Using the data below, reproduce exactly the lines from the line with "Navy Borg Lined" to the line with "I pantaloni in", both included; pictures must be dropped.

■ DATA TO PROCESS:
--- START ---

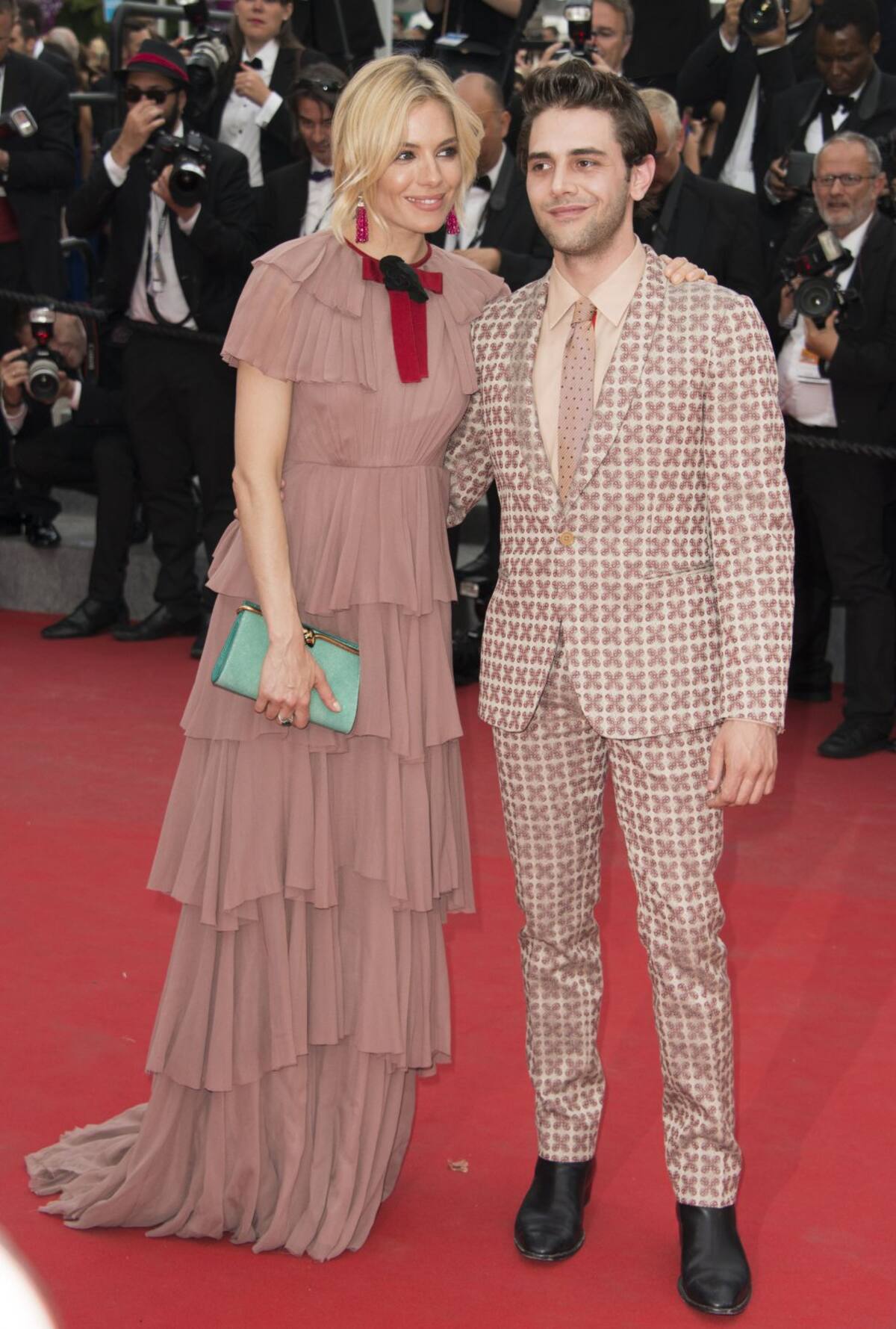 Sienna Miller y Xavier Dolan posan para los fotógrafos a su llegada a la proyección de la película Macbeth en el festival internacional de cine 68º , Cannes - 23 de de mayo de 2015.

--- END ---
--- START ---

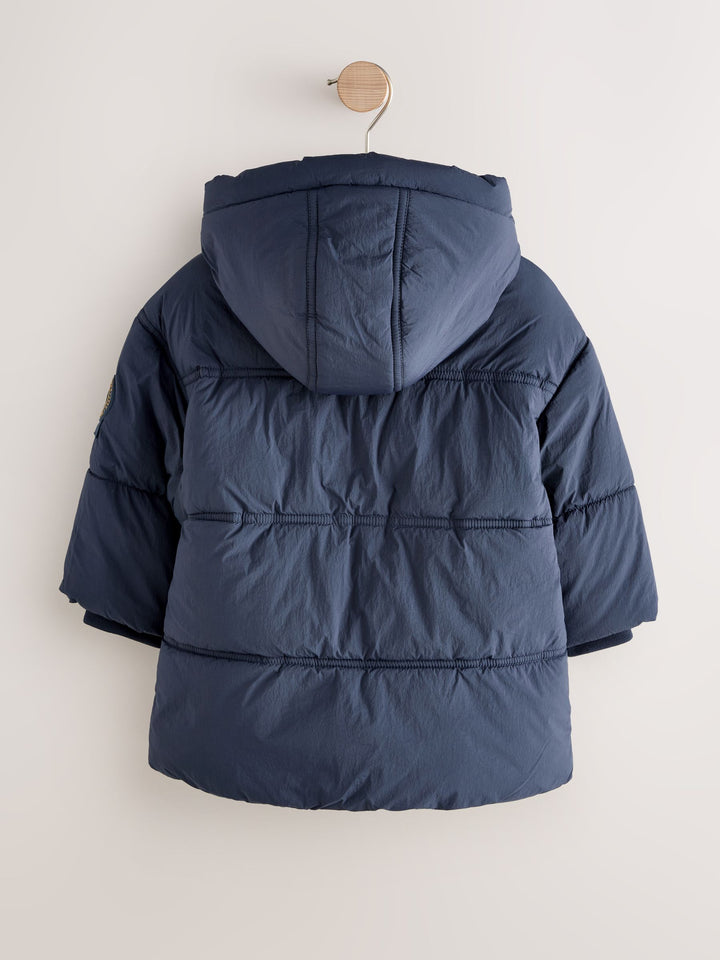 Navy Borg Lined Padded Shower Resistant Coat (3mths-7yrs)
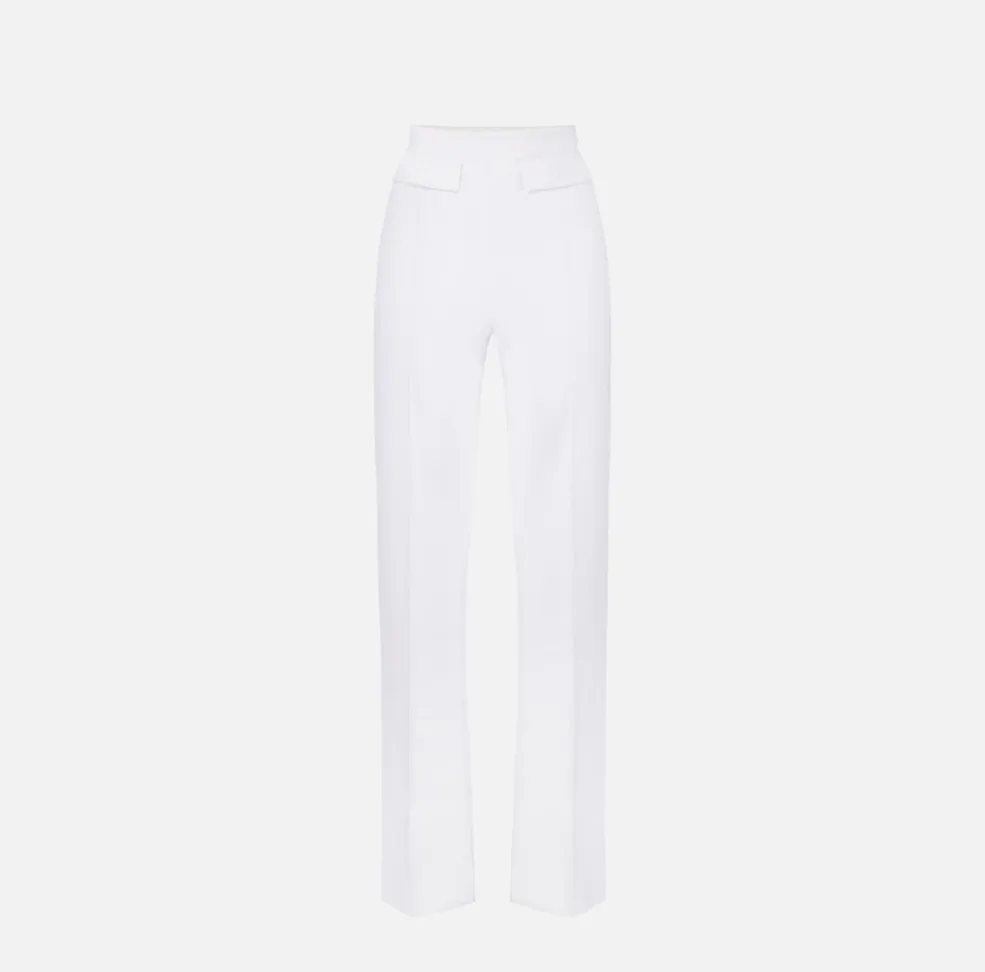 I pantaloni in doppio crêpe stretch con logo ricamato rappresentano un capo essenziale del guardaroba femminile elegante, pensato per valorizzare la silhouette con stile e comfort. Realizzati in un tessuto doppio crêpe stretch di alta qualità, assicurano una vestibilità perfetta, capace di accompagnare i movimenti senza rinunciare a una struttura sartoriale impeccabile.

--- END ---

■ RESPONSE:
 Navy Borg Lined Padded Shower Resistant Coat (3mths-7yrs)
 I pantaloni in doppio crêpe stretch con logo ricamato rappresentano un capo essenziale del guardaroba femminile elegante, pensato per valorizzare la silhouette con stile e comfort. Realizzati in un tessuto doppio crêpe stretch di alta qualità, assicurano una vestibilità perfetta, capace di accompagnare i movimenti senza rinunciare a una struttura sartoriale impeccabile.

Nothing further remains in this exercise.